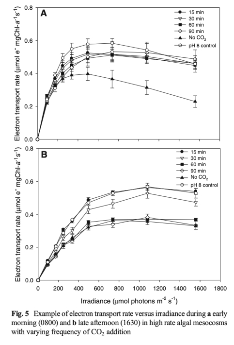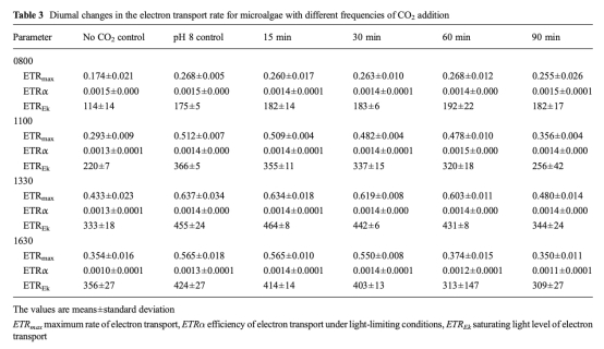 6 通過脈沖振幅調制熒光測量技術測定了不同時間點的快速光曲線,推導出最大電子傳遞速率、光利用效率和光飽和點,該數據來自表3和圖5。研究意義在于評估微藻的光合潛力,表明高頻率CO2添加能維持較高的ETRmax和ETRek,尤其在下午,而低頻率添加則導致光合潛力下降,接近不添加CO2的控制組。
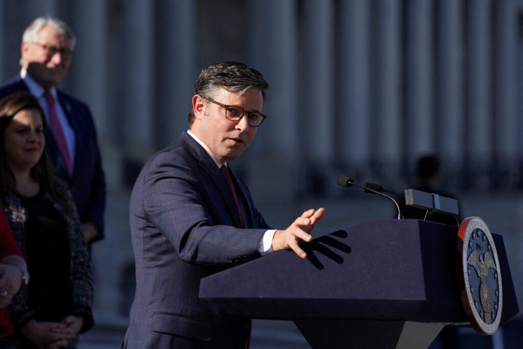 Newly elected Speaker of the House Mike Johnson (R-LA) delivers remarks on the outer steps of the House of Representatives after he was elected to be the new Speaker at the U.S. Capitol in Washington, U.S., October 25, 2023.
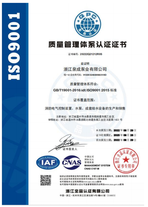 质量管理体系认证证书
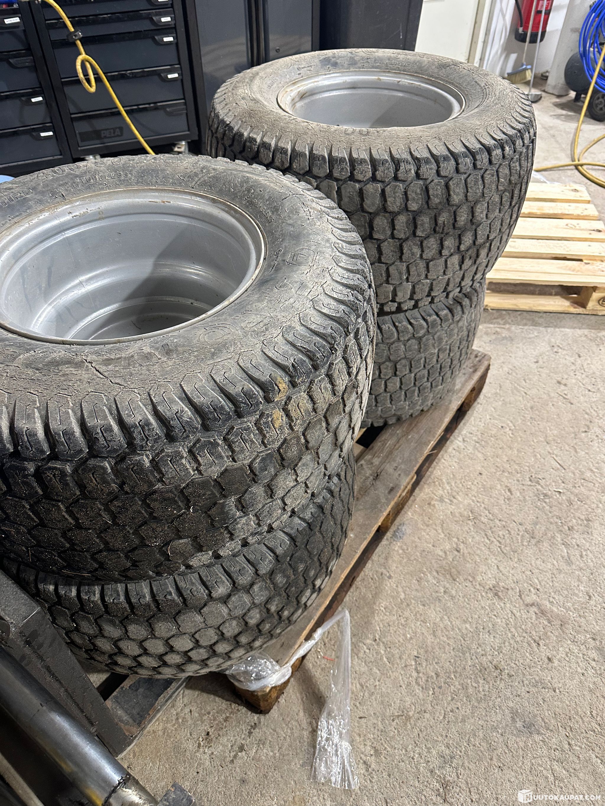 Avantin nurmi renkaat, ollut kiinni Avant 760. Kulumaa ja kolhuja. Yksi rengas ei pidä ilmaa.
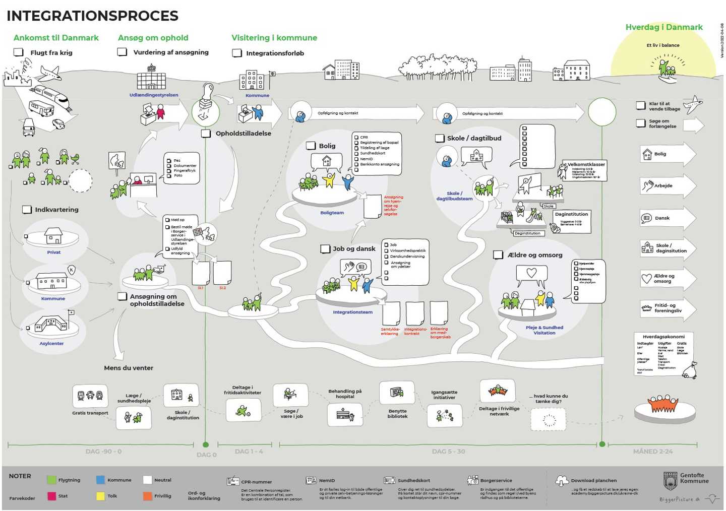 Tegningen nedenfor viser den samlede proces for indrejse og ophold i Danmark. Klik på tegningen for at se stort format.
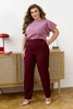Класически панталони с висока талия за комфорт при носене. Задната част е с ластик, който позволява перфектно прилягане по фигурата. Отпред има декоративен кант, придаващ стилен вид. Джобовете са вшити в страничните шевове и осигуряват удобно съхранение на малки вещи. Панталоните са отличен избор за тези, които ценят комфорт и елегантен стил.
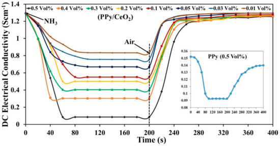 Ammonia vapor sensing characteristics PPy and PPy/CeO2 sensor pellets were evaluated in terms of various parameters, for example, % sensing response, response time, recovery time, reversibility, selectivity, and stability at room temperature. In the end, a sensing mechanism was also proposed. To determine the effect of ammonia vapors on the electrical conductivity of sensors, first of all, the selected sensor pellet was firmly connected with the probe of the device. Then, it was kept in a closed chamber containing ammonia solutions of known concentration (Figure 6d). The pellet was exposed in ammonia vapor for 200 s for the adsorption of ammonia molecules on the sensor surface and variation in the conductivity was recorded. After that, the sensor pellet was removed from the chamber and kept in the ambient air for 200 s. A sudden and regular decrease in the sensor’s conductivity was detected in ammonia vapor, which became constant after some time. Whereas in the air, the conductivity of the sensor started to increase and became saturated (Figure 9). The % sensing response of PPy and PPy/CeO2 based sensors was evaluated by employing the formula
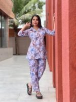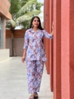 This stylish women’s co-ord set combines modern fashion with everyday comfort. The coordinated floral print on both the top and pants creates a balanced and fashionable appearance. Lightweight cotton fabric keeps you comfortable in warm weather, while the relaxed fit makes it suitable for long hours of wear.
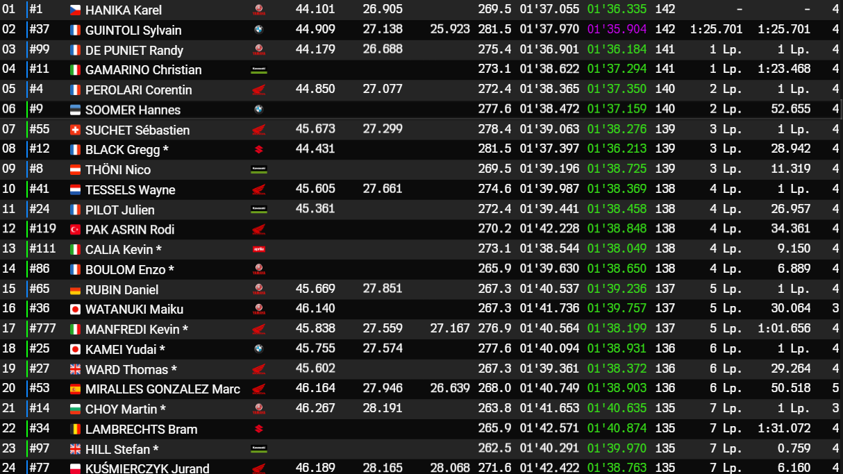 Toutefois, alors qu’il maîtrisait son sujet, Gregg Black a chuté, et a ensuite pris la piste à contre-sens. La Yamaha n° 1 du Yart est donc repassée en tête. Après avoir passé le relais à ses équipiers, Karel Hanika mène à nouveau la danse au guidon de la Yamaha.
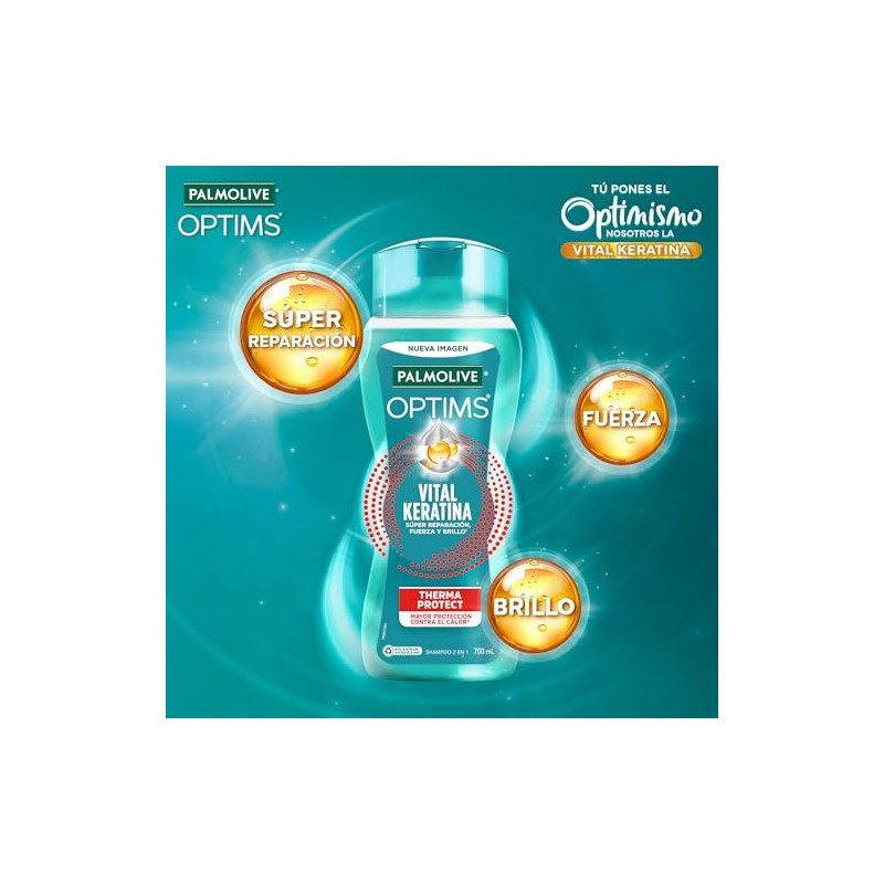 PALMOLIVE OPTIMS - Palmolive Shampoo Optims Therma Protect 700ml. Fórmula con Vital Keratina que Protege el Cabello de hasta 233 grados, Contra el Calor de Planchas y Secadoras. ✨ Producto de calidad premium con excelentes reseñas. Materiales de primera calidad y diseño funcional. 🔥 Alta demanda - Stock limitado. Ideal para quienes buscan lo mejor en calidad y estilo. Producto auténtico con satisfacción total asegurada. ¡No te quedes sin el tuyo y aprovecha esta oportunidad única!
· · · · · · ·
_Aim of the exercise_
Pictures aside, reproduce the listing above exactly.

_Solution for this problem_
 6 通過脈沖振幅調制熒光測量技術測定了不同時間點的快速光曲線,推導出最大電子傳遞速率、光利用效率和光飽和點,該數據來自表3和圖5。研究意義在于評估微藻的光合潛力,表明高頻率CO2添加能維持較高的ETRmax和ETRek,尤其在下午,而低頻率添加則導致光合潛力下降,接近不添加CO2的控制組。
 Newly elected Speaker of the House Mike Johnson (R-LA) delivers remarks on the outer steps of the House of Representatives after he was elected to be the new Speaker at the U.S. Capitol in Washington, U.S., October 25, 2023.
 质量管理体系认证证书
 Avantin nurmi renkaat, ollut kiinni Avant 760. Kulumaa ja kolhuja. Yksi rengas ei pidä ilmaa.
 Tegningen nedenfor viser den samlede proces for indrejse og ophold i Danmark. Klik på tegningen for at se stort format.
Класически панталони с висока талия за комфорт при носене. Задната част е с ластик, който позволява перфектно прилягане по фигурата. Отпред има декоративен кант, придаващ стилен вид. Джобовете са вшити в страничните шевове и осигуряват удобно съхранение на малки вещи. Панталоните са отличен избор за тези, които ценят комфорт и елегантен стил.
 Ammonia vapor sensing characteristics PPy and PPy/CeO2 sensor pellets were evaluated in terms of various parameters, for example, % sensing response, response time, recovery time, reversibility, selectivity, and stability at room temperature. In the end, a sensing mechanism was also proposed. To determine the effect of ammonia vapors on the electrical conductivity of sensors, first of all, the selected sensor pellet was firmly connected with the probe of the device. Then, it was kept in a closed chamber containing ammonia solutions of known concentration (Figure 6d). The pellet was exposed in ammonia vapor for 200 s for the adsorption of ammonia molecules on the sensor surface and variation in the conductivity was recorded. After that, the sensor pellet was removed from the chamber and kept in the ambient air for 200 s. A sudden and regular decrease in the sensor’s conductivity was detected in ammonia vapor, which became constant after some time. Whereas in the air, the conductivity of the sensor started to increase and became saturated (Figure 9). The % sensing response of PPy and PPy/CeO2 based sensors was evaluated by employing the formula
 This stylish women’s co-ord set combines modern fashion with everyday comfort. The coordinated floral print on both the top and pants creates a balanced and fashionable appearance. Lightweight cotton fabric keeps you comfortable in warm weather, while the relaxed fit makes it suitable for long hours of wear.
 Toutefois, alors qu’il maîtrisait son sujet, Gregg Black a chuté, et a ensuite pris la piste à contre-sens. La Yamaha n° 1 du Yart est donc repassée en tête. Après avoir passé le relais à ses équipiers, Karel Hanika mène à nouveau la danse au guidon de la Yamaha.
 PALMOLIVE OPTIMS - Palmolive Shampoo Optims Therma Protect 700ml. Fórmula con Vital Keratina que Protege el Cabello de hasta 233 grados, Contra el Calor de Planchas y Secadoras. ✨ Producto de calidad premium con excelentes reseñas. Materiales de primera calidad y diseño funcional. 🔥 Alta demanda - Stock limitado. Ideal para quienes buscan lo mejor en calidad y estilo. Producto auténtico con satisfacción total asegurada. ¡No te quedes sin el tuyo y aprovecha esta oportunidad única!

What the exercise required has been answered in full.